Pascal Gourville

Personal information
- Full name: Pascal Dominique Gourville
- Date of birth: 12 January 1975 (age 51)
- Place of birth: Moissy-Cramayel, France
- Height: 1.85 m (6 ft 1 in)
- Position: Defender

Youth career
- 1995–1997: ASA Montereau

Senior career*
- Years: Team / Apps / (Gls)
- 1997–1998: Sénart-Moissy / 30 / (4)
- 1998–1999: Valenciennes / 22 / (1)
- 1999–2000: Le Mans / 32 / (5)
- 2000–2002: Sedan / 7 / (0)
- 2002: → Gueugnon (loan) / 11 / (1)
- 2002–2004: Grenoble / 26 / (0)
- 2004–2005: Seyssinet-Pariset / 1 / (0)
- 2005–2007: Sénart-Moissy / 43 / (5)
- 2007–2008: Bois-Guillaume / 1 / (0)

International career
- 2003–2012: Mauritania / 14 / (0)

= Pascal Gourville =

French footballer (born 1975)

Pascal Dominique Gourville (born 12 January 1975) is a retired professional footballer who played as a defender.
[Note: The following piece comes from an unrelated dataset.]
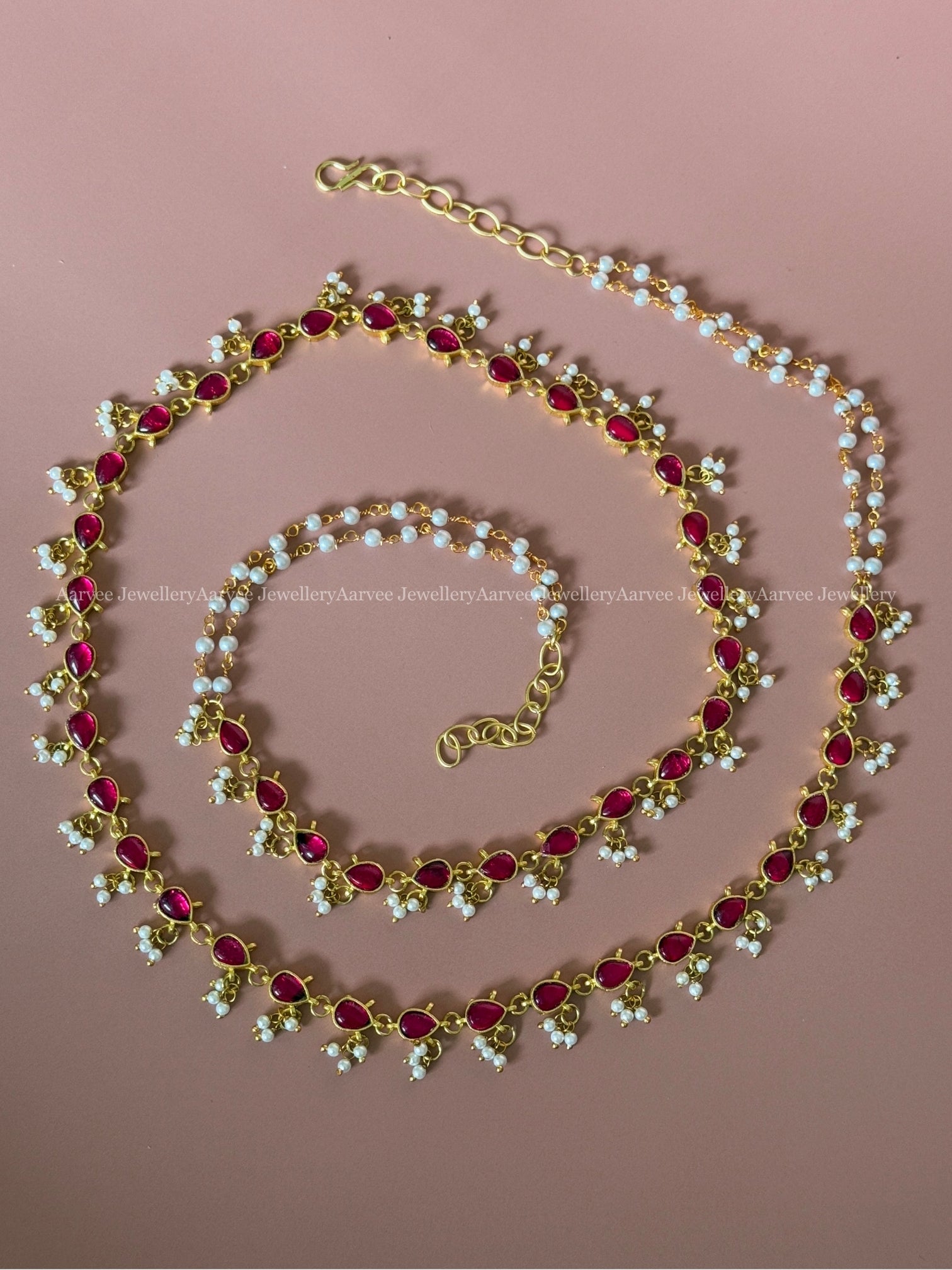 MINIMAL JADAU KUNDAN RUBY STONE WAIST CHAIN WITH PEARLS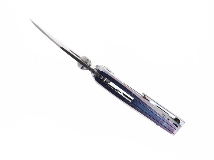 TwoSun Tepe Designs Button Lock Folding Knife Color Titanium Handle D2 Plain Edge TS210-Color

Born in France, Gourville represented the Mauritania national team internationally.

==International career==
Gourville was born in France and is of Réunionnais descent. In 2003, he agreed to become a naturalized citizen of Mauritania, following an invitation by fellow Frenchman Noel Tosi, who was then the coach of the Mauritania national team and wanted him in the squad. He made his debut for them in a 3–0 2006 FIFA World Cup qualification loss to Zimbabwe on 12 October 2003.